◆ DATASET:
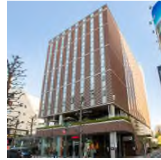
ホテルウィング インターナショナル プレミアム渋谷
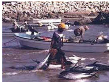
vissers op Seeb Beach
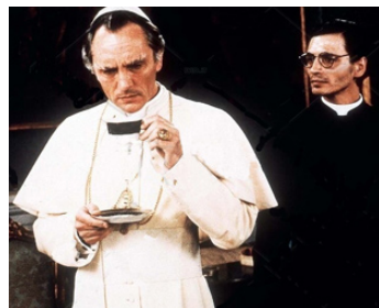
1980 MEURTRE AU VATICAN (Morte in Vaticano) de Marcello Aliprandi avec Fabrizio Bentivoglio
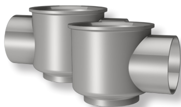
Gehäuse Eck- und Doppelleck
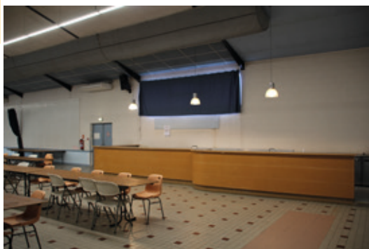
Vue du bar depuis la salle.
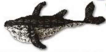
くじらのぬいぐるみ 980円(税込1,058円)

子どもだけでなく大人にも手に取っていただける よう、シンプルな色のくじらにしました。
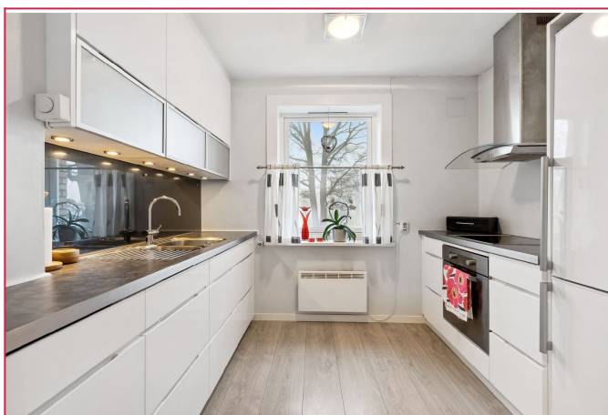
Lekker kjøkken med hvitevarer
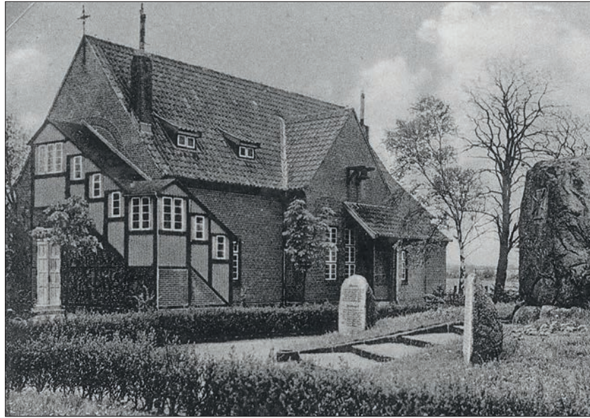
Das ehemalige Gildehaus als erste Heikendorfer Kirche, um 1924.

Heikendorf (t/mm). Die evangelisch-lutherische Kirchengemeinde Heikendorf feiert dieses Jahr ihren einhundertsten Geburtstag. Damit ist sie eine vergleichsweise junge Gemeinde. Im Mittelalter hatten die Heikendorfer Christen keine eigene Kirche. Um einen Gottesdienst zu feiern, mussten sie bis nach Kiel fahren. Etwas einfach gestaltete sich das Gemeindeleben etwa ab dem Jahr 1300, als Heikendorf zur Marienkirche in Schönkirchen gehörte. Diese Verbindung hatte 600 Jahre Bestand. Wer als Heikendorfer Gottesdienst feiern, kirchlich heiraten, oder sein Kind taufen lassen wollte, musste stets nach Schönkirchen. Immerhin, geselliges Beisammen im Schönkirchener Krug waren willkommener Lohn für die damals noch beschwerliche Strecke. Die Bevölkerung Heikendorf wuchs sprunghaft in die Höhe, als Kiel kaiserliche Marinestadt wurde. Eine eigene geistliche Versorgung war gefragt. So entstanden nach dem Ersten Weltkrieg Pläne, eine selbstständige Kirchengemeinde vor Ort zu gründen. Erste Gottesdienste und Konfirmandenunterricht fanden bereits ab 1919 in der Heikendorfer Schule statt. Ein Jahr später gründete man den „Kirchlichen Verein“. Als Anschubfinanzierung für wei-

◆ WHAT YOU NEED TO DO: Once the line with "1980 MEURTRE AU" has been found above, output that line and every later line exactly, stopping after the line with "Das ehemalige Gildehaus", and omit the pictures.

◆ ANSWER BOX:
1980 MEURTRE AU VATICAN (Morte in Vaticano) de Marcello Aliprandi avec Fabrizio Bentivoglio
Gehäuse Eck- und Doppelleck
Vue du bar depuis la salle.
くじらのぬいぐるみ 980円(税込1,058円)

子どもだけでなく大人にも手に取っていただける よう、シンプルな色のくじらにしました。
Lekker kjøkken med hvitevarer
Das ehemalige Gildehaus als erste Heikendorfer Kirche, um 1924.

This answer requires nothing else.